No Brasil Colônia, quando se falava em interiorização da Capital, as considerações de segurança sobrepunham-se a todas as demais. Não era segura uma cidade à beira mar. Salvador fora atacada muitas vezes, conquistada e saqueada. O Rio pagara também pesado tributo em vidas e fazendas. Praticamente todas as vilas e cidades litorâneas haviam sido invadidas e saqueadas: São Vicente, Vitória, Olinda, Recife, Salvador, Rio de Janeiro. A própria metrópole portuguesa, Lisboa, curvara-se à ameaça que Haya lhe fizera de enviar uma esquadra a subir o Tejo e concordara em pagar à Companhia Privilegiada das Índias Ocidentais, como indenização pela perda de Pernambuco, seis milhões de cruzados, além de devolver as peças de artilharia que conquistara e de conceder favores especiais no comércio de açúcar. Durante o Império, ainda se argumentava com a necessidade de colocar a sede do governo longe do alcance dos canhões das grandes potências marítimas; entretanto, outras razões emergiam com evidência maior, traduzindo anseios de "progresso" e "civilização".

José Bonifácio destacava que a nova Capital criaria, em curto prazo, "um giro de comércio interno da maior magnitude" e Varnhagem afirmava que a Capital no interior "seria mais adequada a civilizar todo o sertão e a desenvolver suas latentes riquezas, bem como o comércio das províncias entre si''. Quando, por fim, a nova Capital foi construída no coração do Brasil e a mudança do governo se fez, o mundo era outro e o Presidente Kubitschek resumiu assim os objetivos da nacionalidade com a concretização do seu sonho secular: "Brasília representa a conquista do que tem sido nosso apenas no mapa. Dos oito milhões e quinhentos mil quilômetros quadrados do território nacional, permanecem despovoados nada menos que seis milhões". O mundo atravessara estranho período, enveredando por desvios que o levariam ao confronto sangrento das armas na segunda guerra mundial. Na Alemanha surgira a teoria do "espaço vital", de Karl Haussofer, que buscava legitimar o avanço dos países superpovoados sobre as áreas sem uso das nações de baixa densidade demográfica.

Na França Paul Reynaud, que viria a chefiar o governo do país, sugerira (1935) a criação de um novo Estado, no planalto central brasileiro (desabitado e entregue à própria sorte), para abrigar os excedentes populacionais do mundo. Mesmo depois da guerra, em plena Organização das Nações Unidas, ainda se ouviriam vozes propondo soluções com fundamentos semelhantes. Fazia-se, assim, urgente, a ocupação dos espaços vazios do interior brasileiro, se quiséssemos prevenir problemas futuros. E foi essa a razão fundamental da transferência da sede do Govemo. É evidente que fatores de ordem geográfica, econômica, política e social impuseram-se à consideração do Presidente Juscelino quando se decidiu não esperar mais e levar a Capital brasileira do litoral para o interior. Geograficamente a localização do Rio de Janeiro apresentava-se excêntrica e periférica, com todos os inconvenientes dessas circunstâncias.
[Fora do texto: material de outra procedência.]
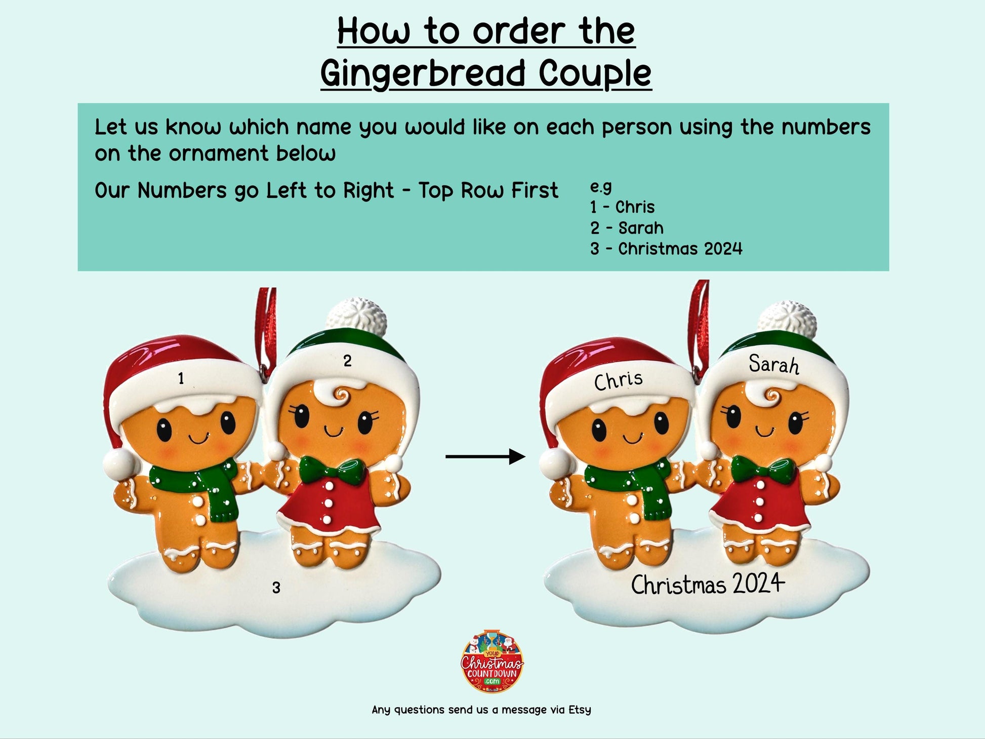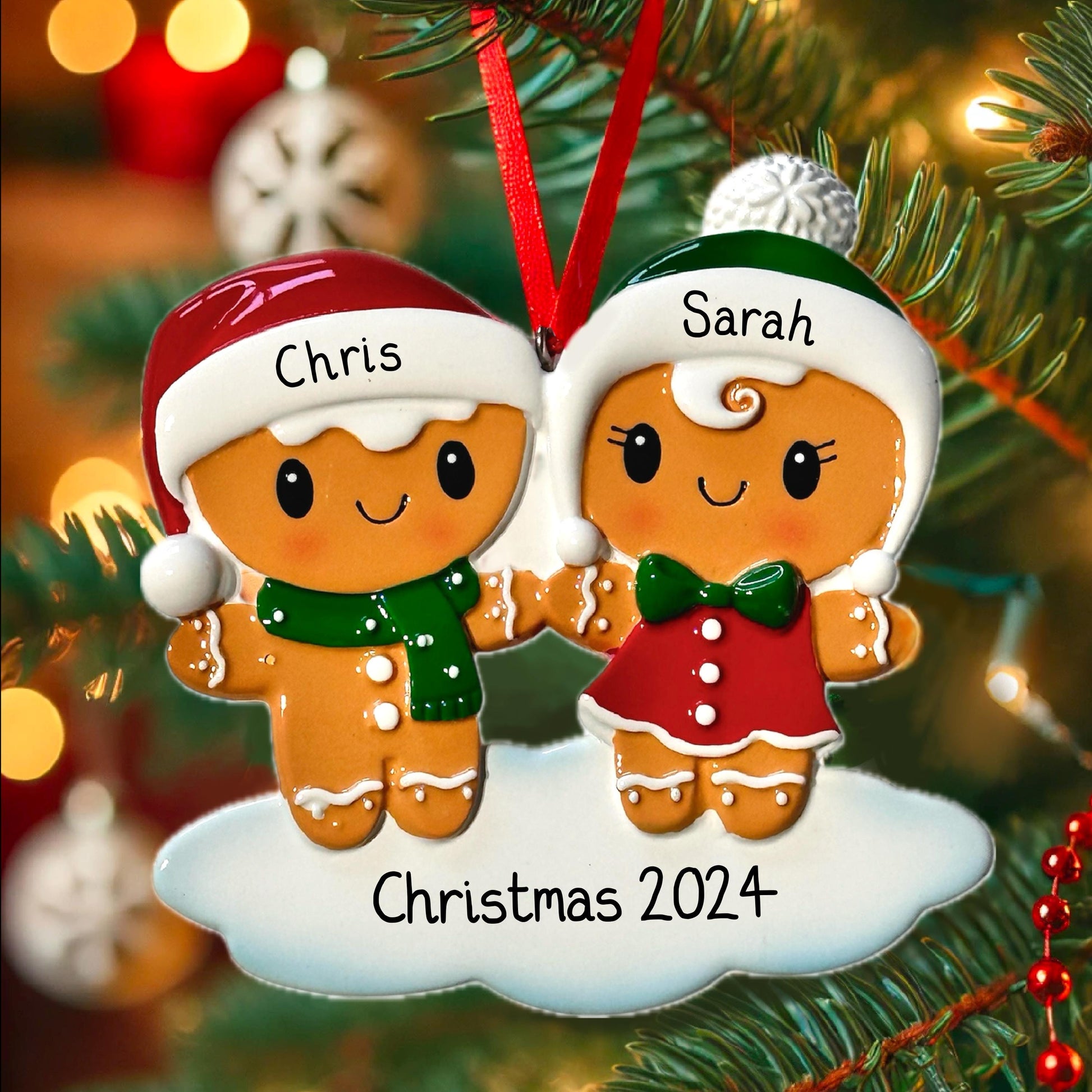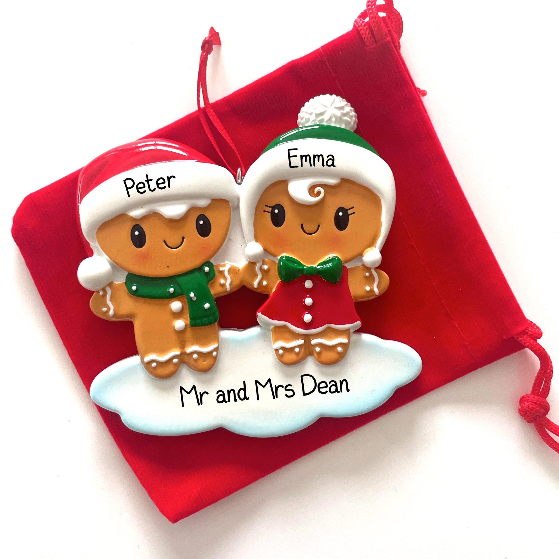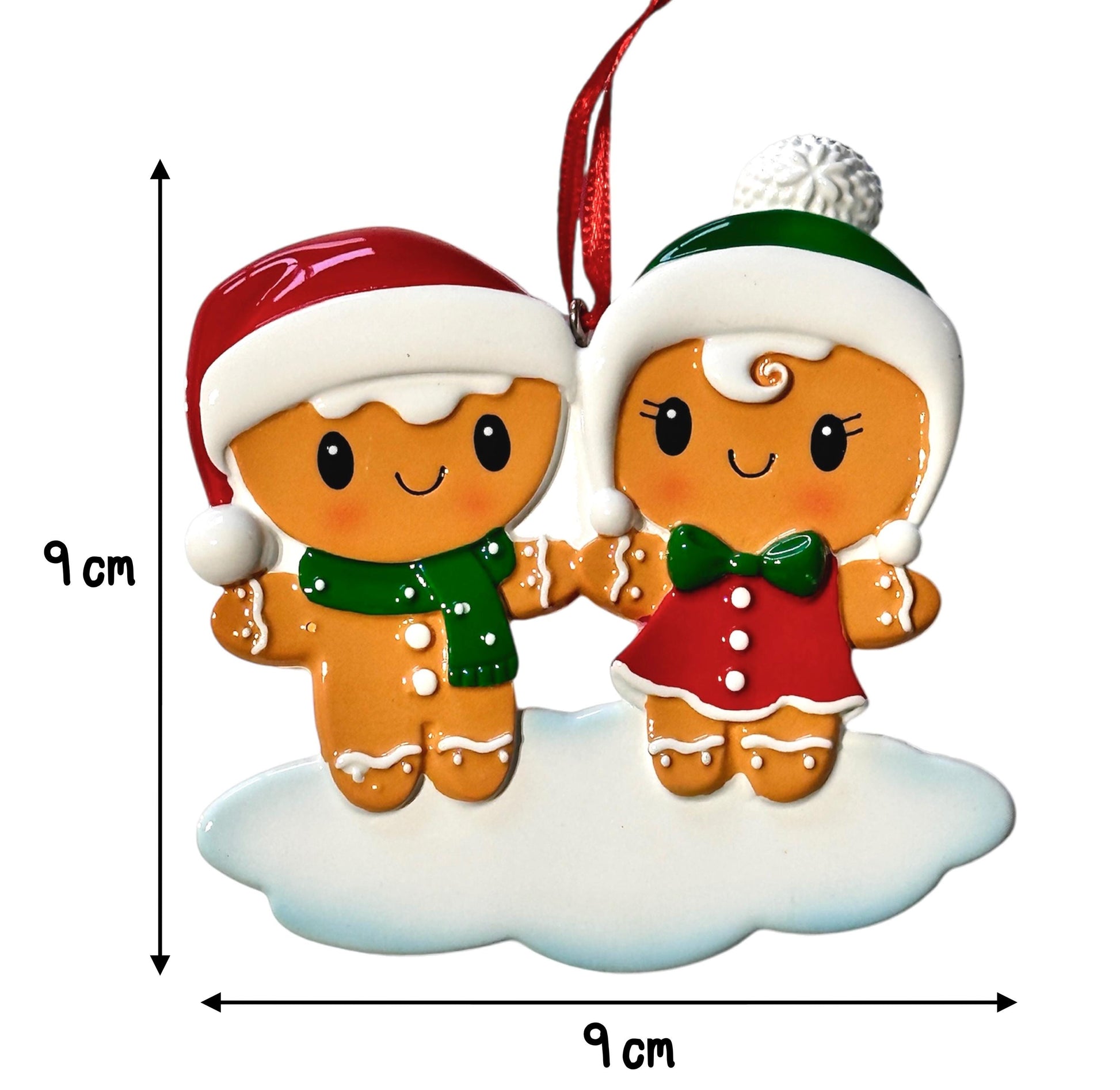Christmas Gingerbread Couple Ornament Celebrate love and sweetness this holiday season with our charming Christmas Gingerbread Couple Ornament! Perfect for couples, whether you're newlyweds, boyfriend and girlfriend, or long-time partners, this adorable tree decoration adds a touch of festive cheer to your holiday decor. Each piece comes ready to hang with a festive red ribbon, and you can choose to include a luxurious red velvet gift bag for an extra special touch. Personalization Details Each person's hat can be hand-personalized with a name in black ink on the white area of the hat. Please provide the names in the order you’d like them to appear, starting from the left most person and moving right. Additional Customization Text can be added to the bottom such as Christmas 2024, Merry Christmas or Your Family Name. Please specify any additional text; otherwise, it will be left blank. Remember to double-check spellings for accuracy! Product Details Crafted from durable polyresin, this ornament is designed to last and become a favourite part of your holiday decorations for years to come. Size - 9cm x 9cm (Approx)

O Rio revelava-se, por isso, incapaz de transmitir por igual, a todos os recantos do país, a influência e os benefícios da ação político-administrativa do governo. Do ponto de vista econômico o Brasil encontrava-se dividido em duas partes distintas, desproporcionadas, num desequilíbrio que só tendia a se acentuar: ao lado da mais avançada expansão industrial, implantada na faixa litorânea do centro-sul, superpovoada, coexistia o estágio mais rudimentar da exploração agrícola dos sertões, com sua população desagregada em núcleos esparsos, quase sem meios de subsistência e sem assistência de qualquer espécie. As implicações de ordem político-social eram evidentes. A presença do governo federal no planalto goiano produziria, entre outros efeitos, o de apagar a linha demarcatória que separava a precária euforia litorânea da miséria permanente e sem esperanças do interior, distinção que provocava as mais graves repercussões políticas e sociais e apontava o caminho certo para o desastre comum.

A mudança da Capital permitiria, por outro lado, aos homens do governo, a visão do Brasil como um todo e a solução dos problemas nacionais com independência e serenidade. Em síntese: no período colonial apontavam-se razões de segurança para justificar a interiorização da Capital; no Império destacava-se a função civilizadora que teria uma nova Capital no centro geográfico do país; e nos dias em que a transferência se fez, justificava-se como medida, já então inadiável, de integração nacional.